The concern over topical anesthetic creams emerged in 2005 following the deaths of two students. Blanca Bolanos, a 25-year-old student in Tucson, Ariz., died in November 2004 after spending two years in a coma. Prior to her death, Bolanos had applied a 6% lidocaine and 6% tetracaine topical anesthetic cream she had received prior to a laser hair-removal treatment at a clinic. The cream was compounded by University Pharmacy. Bolanos received the cream from the clinic even though she did not have a prescription and was never examined by the clinic's doctor. The death of Shiri Berg, a 22-year-old student, occurred just months after Bolanos' death and under similar circumstances. Berg also had received the Triangle Compounding Pharmacy's compounded medication without a prescription or examination prior to laser hair removal.

What role the FDA has, if any, remains murky. In August, a U.S. District Court judge in the Medical Center Pharmacy v. Gonzalez case issued a preliminary ruling that called into question the FDA's jurisdiction over compounded medications. Still, the FDA continues to insist that compounded medications are new drugs and subject to FDA regulation, a point contested by the agency's critics. "A federal court ruled that FDA's position is unfounded, and, in fact, compounded medicines are vital and legal," insists L. D. King, executive director of the International Academy of Compounding Pharmacists. "To the extent there are patient safety issues, state boards of pharmacy are well equipped to deal with them."

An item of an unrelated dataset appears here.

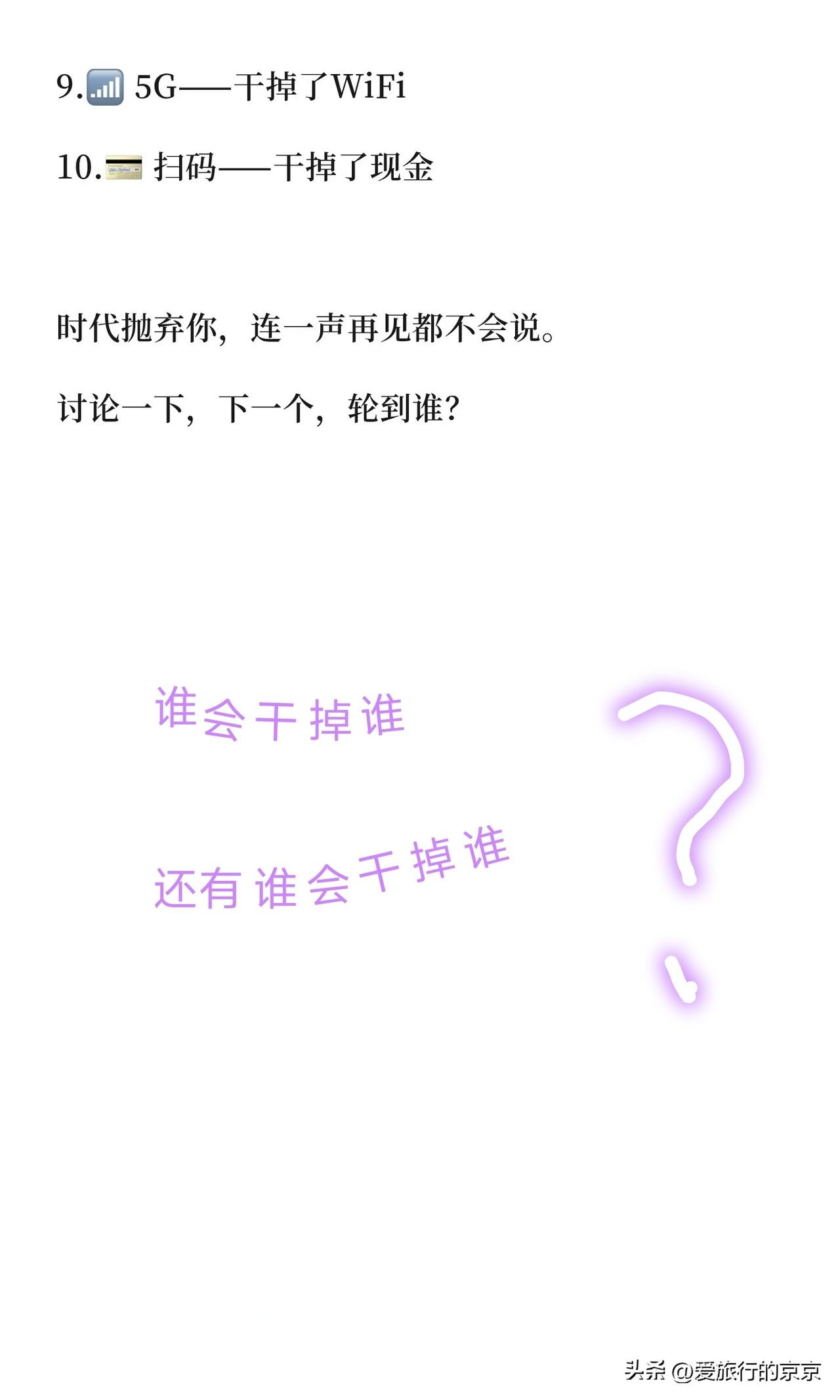 下一个被“干掉”会是什么? 📱手机的出现~ 干掉了闹钟,干掉了相机,干掉了手电筒,干掉了录音机,干掉了报纸,干掉了导航,干掉了计算器,干掉了... 网络支付扫码~ 干掉了现金,干掉了钱包👛 微信~干掉了电话☎️ 电商~干掉了商场🏬 网约车的出现~干掉了黑车🚗 ...... 还有谁取代了谁? 猜一猜,下一个会是谁干掉谁?
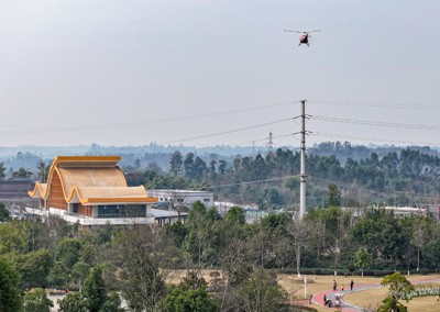 2025年2月10日,一架载客直升飞机在四川省广安华蓥市已竣工陆续投入使用的集游客中心、旅游商品展销中心和生态停车场、载客直升飞机停机场及车辆维修、充电等于一体的旅游集散中心(华蓥客运枢纽中心站)上空飞行。(邱海鹰)

The FDA also warned Wedgewood Village Pharmacy, Swedesboro, N.J., about compounding animal drugs and Health Dimensions Inc., Farmington Hills, Mich., and Spoonamore Drug Co., Louisville, Ky., about selling compounded medications—including domperidone, which has not been approved by the FDA. In its letter to Wedgewood, the FDA argued that the pharmacy, which had its DEA license revoked in 2006, "is engaged in large-scale manufacturing of unapproved drugs, including copies of FDA-approved drugs, which raises safety concerns and poses a significant threat to the new drug approval process."

Wedgewood CEO George Malmberg told Drug Topics that he plans to fight FDA. "We are concerned about the FDA's intrusion into the practice of pharmacy," he said. "The [Medical Center Pharmacy] case stated that compounded medications are not new drugs, and FDA seems to have ignored that. This isn't about Wedgewood; this is about FDA's continued attempt to regulate compounding pharmacies."

Malmberg's willingness to fight the FDA is hardly surprising. In 2002, a group of compounding pharmacies, including Wedgewood, fought the FDA in a case that went all the way to the Supreme Court. In Thompson v. Western States Medical Center, the Court upheld the legitimacy of compounding and struck down a marketing restriction.